Было страшно Шишину, что сон такой ему приснился страшный, что задушил его Бобрыкин ненавистный, как собаку последнюю, веревкой, и, только рассвело, он к матери пошел узнать, не вещие ли сны с субботы на воскресенье снятся.
Мать была в постели, читала книгу.
«Евангелие читает», – подумал Шишин хмуро. Шишин не любил, когда Евангелие читала мать.
Светила лампа. Босые ноги Шишину лизал сквозняк. «Это форточка у матери всегда открыта», – переступая в сквозняке ногами, думал Шишин и ждал, что мать ответит, не вещий ли ему приснился сон.
– Нет, не вещий, – сказала мать, но все же встала и, в стопочку налив святой воды, велела выпить залпом.
– Пей, от греха подальше, – сказала мать, и Шишин выпил залпом мутную густую воду, морщась от холодного и металлического вкуса. Остатками со дна мать окропила волосы ему и сверху три раза лоб перекрестила.

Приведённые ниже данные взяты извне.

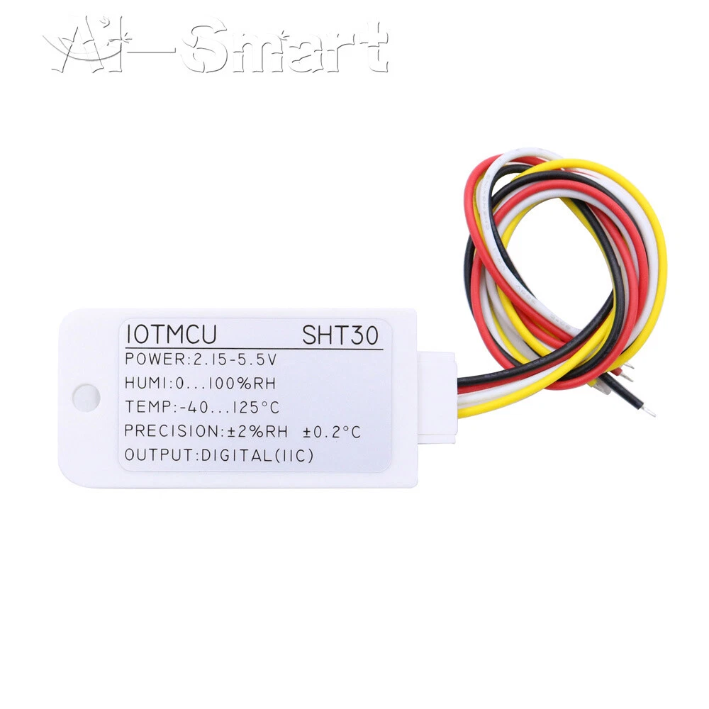 SHT30 Digital Temperature Humidity Sensor IOT-TH02 IIC Probe Module with Housing Features: 1.100% brand new and high quality product. 2.Made of high quality material, durable and practical. 3. Small size, simple application and easy installation. 4. Efficient and stable performance, long working life. 5. Wide range of applications. Product Parameters: Chip Model: SHT30 Operating voltage: 2.15~5.5V Output signal: IIC digital signal Humidity measurement range: 0~100%RH Temperature Measuring Range: -40~125℃ (Please use it in the environment of -40~80℃ as the shell and wire are not high temperature resistant) Accuracy: ±2%RH ±0.2°C IIC address: 0X44 Product shell material: ABS Description of use Pin Color Description 1. Black GND ground 2. Red VCC power (2.15-5.5V) 3. White SDA data line 4.Yellow SCL clock line Packing list: Temperature and humidity sensor *1 Shipping Payment Return Policy Feedback Shipping 1,We will arrange shipping for you within 24 Hours after payment cleared except the holidays. 2,We only ship to the confirmed address provided by PayPal. Before you pay, please make sure your address in PayPal matches the address you would like us to ship to. If not, please let us know before we sent you the package, or we will not be responsible for any loss. hope you could understand. 3,we will ship out the order in 1-2 business days after payment cleared .Since it is international shipping ,delivery time is about 15--28 business days to arrive to most countries. 4,We ship items to Worldwide. Thank you! Payment We accept PayPal payment ONLY. If you do not have Paypal account, please registered with (http://www.paypal.com) Payment must be received within 5 days after auctions ended. Please do not bid if you are not intending to buy. Unpaid dispute will be filed to ebay for the non payable bidders. Return Policy We are not responsible for custom duty or import tax. We will leave POSITIVE FEEDBACK after receiving the payment. Please contact us if your are not satisfied with the item after receive it. We could offer refund, and refund request is available only requests within a week after parcel received & returning the item as the same condition as received. We offer 100% refund if the item is broken before arrival , all you need to do is sending us the clear pictures to show it is broken. Defective situation must be noticed within 7 days after delivery. All emails will be answered within 1 business day. If you do not receive our reply, please kindly re-sent your email,and we will reply to you as soon as possible. All items sold by us are being described to the best of our abilities, as accurate as possible, and with utmost conscientiousness on our part.However, to avoid any potential oversights, I respectfully request your assistance in helping us to make this a mutually satisfactory transaction by Thoroughly reviewing item description and photos, and asking all questions Prior To Bidding. Please Note that size and color representation are subject to manufacturing variance and may not be exact. Also note that monitor settings may vary from computer to computer and may distort actual colors. Please read these terms thoroughly before placing your bid. Feedback We will automatically leave a positive feedback to everyone who has complete the transaction and leave us positive feedback. Please do not forget to give us Five Stars on all of the Detailed Seller Ratings. Thanks! In the unlikely event you are not satisfied with the transaction, please contact us before you sumbit your evaluation. We believe that everything could be solved by communication. 1.in order to provide you the best service*****,please treat the transaction fairly.*feedback is simply what we pursue. 2.Please Do contact us first to get a better solution before you would leave a *neutral or *negative feedback 3.We strive for 5-star service by stating upfront our policies, our shipping rate& our shipping frequency. if you were pleased with this transaction, please respond with all 5 stars! if you are not pleased, simply let me know via e-mial rather than leave low score, and I'll work to make it that way 4.Please email me through 'MY MESSAGES' or "Ask Seller Questions" if you have any question about our listing or your purchase

Шишин не любил, когда его кропят и крестят, и, встряхиваясь по-собачьи, втягивая пальцы в рукава, пошел скорей умыться и долго мылил язычком обмылка лоб и шею и волосы сушил, как будто их помыли, феном.
Был православный праздник Сретенья Господня, мясопустная неделя, и на завтрак мать Шишину дала тарелку перловой каши, без молока и без изюма, и бутерброда с сыром даже не дала. Он попросил тогда у матери сварить ему сосиску, но и сосисок было Шишину нельзя на мясопустной.
В доме было тихо, скучно, тикали часы, журчал бачок. На кухне в облупленном и ржавом тазе яблоки пылились и мандариновая корка сохла на полу. Шишин задумчиво ходил по коридору, выглядывая из трельяжа, и, выглянув, показывал кривую рожу, делал страшно пальцы и, сделав страшно пальцы, быстро отходил.
– Докорчишься, чумной! Язык сломаешь, – сказала мать, по коридору проходя, и, сделав страшно пальцы матери в ссутуленную спину, Шишин снова посмотрел в трельяж. «Врет, – думал он, – язык так не сломаешь!» – И, высунув язык, до носа кончиком достал проверить, нельзя ли будет так сломать его. И вздрогнул.
– Вот напугают сзади, и останешься таким! – пообещала, обернувшись, мать. – И так – такой, а будет – хоть давись.
И в комнату ушла. На дверь закрылась.
«Не останусь…» – подумал он и, от трельяжа отойдя, издалека смотрел, с опаской, убедиться, что снова мать грозила на́ воду, зазря…
Мать за стеной Евангелие читала, ниже этажом Танюша с дочкой Оленькой жила. «Бобрыкин ненавистный тоже с ними», – думал он и, думая, садился на колени, и, отгибая коврик, ухо к полу прислонял, чтобы услышать, как живут они, но ничего не слышал. «Надо все-таки Бобрыкина убить…» – подумал он и вышел в общий коридор, чтоб взять стремянку. Но стремянка грохотала, гремела, и на грохот вышла мать.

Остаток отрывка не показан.